FDA, stop giving menthol a pass
Rye Brook, N.Y.: In 2017, as a high school freshman, I watched flavored e-cigarettes sweep through my school, addict my friends and classmates and ruin many students’ academics and health. In 2019 and 2020, I led the youth charge for an e-cigarette flavor ban in New York, a policy that ended the sale of these beguiling addictive products in the state once and for all. However, our state’s tobacco regulation has a gaping loophole: it fails to fully ban menthol tobacco products.
Since the 1950s, Big Tobacco has targeted the Black community, especially Black teens, using predatory, deceptive marketing practices to sell menthol cigarettes.

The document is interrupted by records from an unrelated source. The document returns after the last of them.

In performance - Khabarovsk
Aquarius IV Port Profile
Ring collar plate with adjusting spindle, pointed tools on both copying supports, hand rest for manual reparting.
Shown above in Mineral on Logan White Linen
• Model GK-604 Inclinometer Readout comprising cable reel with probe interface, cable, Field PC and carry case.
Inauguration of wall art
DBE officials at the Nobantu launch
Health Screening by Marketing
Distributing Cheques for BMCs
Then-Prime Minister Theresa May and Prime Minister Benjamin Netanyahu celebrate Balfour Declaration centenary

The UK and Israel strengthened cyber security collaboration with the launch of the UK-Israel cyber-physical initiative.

These are harder to quit, more addictive and easier to start because of menthol’s ability to numb the throat to the harshness of tobacco. Today, 76.8% of Black smokers use menthol, far higher than any other community, and tobacco use claims the lives of more than 45,000 Black people each year.

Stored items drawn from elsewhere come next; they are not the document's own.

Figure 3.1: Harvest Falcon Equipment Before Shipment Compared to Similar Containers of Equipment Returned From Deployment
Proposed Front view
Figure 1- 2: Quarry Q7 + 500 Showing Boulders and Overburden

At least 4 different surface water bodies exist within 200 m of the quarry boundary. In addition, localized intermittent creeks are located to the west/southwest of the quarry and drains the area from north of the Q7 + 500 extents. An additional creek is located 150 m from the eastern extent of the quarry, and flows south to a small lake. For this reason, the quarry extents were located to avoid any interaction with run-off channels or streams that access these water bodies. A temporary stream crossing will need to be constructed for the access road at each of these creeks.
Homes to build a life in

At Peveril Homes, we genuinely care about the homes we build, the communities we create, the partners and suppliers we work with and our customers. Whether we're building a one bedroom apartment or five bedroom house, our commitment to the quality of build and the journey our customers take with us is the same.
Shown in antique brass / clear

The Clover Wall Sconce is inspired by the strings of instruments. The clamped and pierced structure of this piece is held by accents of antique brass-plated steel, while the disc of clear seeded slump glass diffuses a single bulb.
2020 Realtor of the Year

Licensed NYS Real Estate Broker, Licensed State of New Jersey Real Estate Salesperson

Despite advocacy by many in the Black and tobacco prevention communities, Big Tobacco’s racist stranglehold and our nation’s complacency have kept menthol on the market. In 2009, a federal ban on flavored cigarettes carved out an exception for just one flavor. Which one? Menthol.
This has to stop. Racial justice and public health demand that we ban menthol just as we do every other flavor. The FDA and the Biden administration have the evidence they need to save lives: the FDA must act by a court-ordered April 29 deadline and ban the sale of menthol cigarettes once and for all.